The aroma on this coffee gives me some citrusy fruits and maybe a hint of florals. Taking a sip, I’m greeted by a medium-light bodied coffee that has a lot of punch to it… so I guess I’d say the body is on the lighter side, the flavors are quite intense and contradict the lighter body. There’s a lot going on in this coffee, and all of it is hitting me really great! As the cup cools, some of its intensity mellows out, too, which I think serves this coffee well. This sip starts sweet and fruited and then the more intense citrus notes crash in and ramp up the acidity quite a bit. And even though this coffee is quite bright, it keeps a solid sweet base to give it some balance. This definitely leans into the fruity aspects of its flavor profile, but that’s fine because those fruits are delicious!

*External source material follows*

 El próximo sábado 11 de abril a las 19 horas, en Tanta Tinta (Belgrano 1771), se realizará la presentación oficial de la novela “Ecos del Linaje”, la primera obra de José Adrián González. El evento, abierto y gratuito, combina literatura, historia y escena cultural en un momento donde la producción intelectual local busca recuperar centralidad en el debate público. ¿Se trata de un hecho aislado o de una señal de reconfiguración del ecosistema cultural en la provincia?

Parsing out the flavors I’m getting, a cool, honeydew melon sweetness that washes over my palate in the early sip. The citrus notes that come in hard and heavy right after it remind me of pink grapefruit, mostly the fruit and juice itself with minimal pithy bitterness. This grapefruity note is a little rounder and less aggressive than what I might expect from, say, a bright Kenyan coffee that is very grapefruit forward. There’s a definite “juiciness” to these flavors, really hitting the cheeks and causing some salivation in my palate that just wants me to drink more, and faster! The honeydew note comes back strongly for me in the finish and aftertaste of this coffee. There is a definite “coolness” to the flavors in this coffee that is hard to desribe…. for me, most coffees tend to fall into the “warm” category and I don’t mean temperature. Whether it’s warm spicy notes or fresh baked goods or chocolate, dark fruits, etc, these coffees tend to have flavors that evoke “warmth” or they somehow relate to a scene in my mind that is “warm.” Occasionally, though, coffees can be the opposite and more of a cool vibe and this is definitely one of those. The last coffee I can think of off the top of my head that called up “coolness” to me was Theodore’s absolutely amazing Wush Wush from Ethiopia, so it’s definitely a welcome surprise when I find a “cool” coffee!

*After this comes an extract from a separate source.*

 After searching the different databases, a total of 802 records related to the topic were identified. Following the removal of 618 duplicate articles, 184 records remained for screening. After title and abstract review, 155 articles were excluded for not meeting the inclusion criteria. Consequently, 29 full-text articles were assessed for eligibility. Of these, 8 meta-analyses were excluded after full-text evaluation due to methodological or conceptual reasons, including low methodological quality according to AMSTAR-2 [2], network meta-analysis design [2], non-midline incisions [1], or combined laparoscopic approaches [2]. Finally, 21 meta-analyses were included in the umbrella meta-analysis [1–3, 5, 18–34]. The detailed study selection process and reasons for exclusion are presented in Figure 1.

This is a delightful coffee. It’s bright without being harsh, it’s delicious and inviting and yet the crisp melon and grapefruit flavors are a bit of a surprise and somewhat unexpected compared to a lot of the coffees I’ve been drinking. I found myself having to slow down as I drank this coffee because it got better and better as it cooled down and the sweetness and juiciness of those fruits had me practically chugging this coffee down by the end! This is an outstanding first outing for Bridge City for me and I can’t wait to try out the other two samples they sent!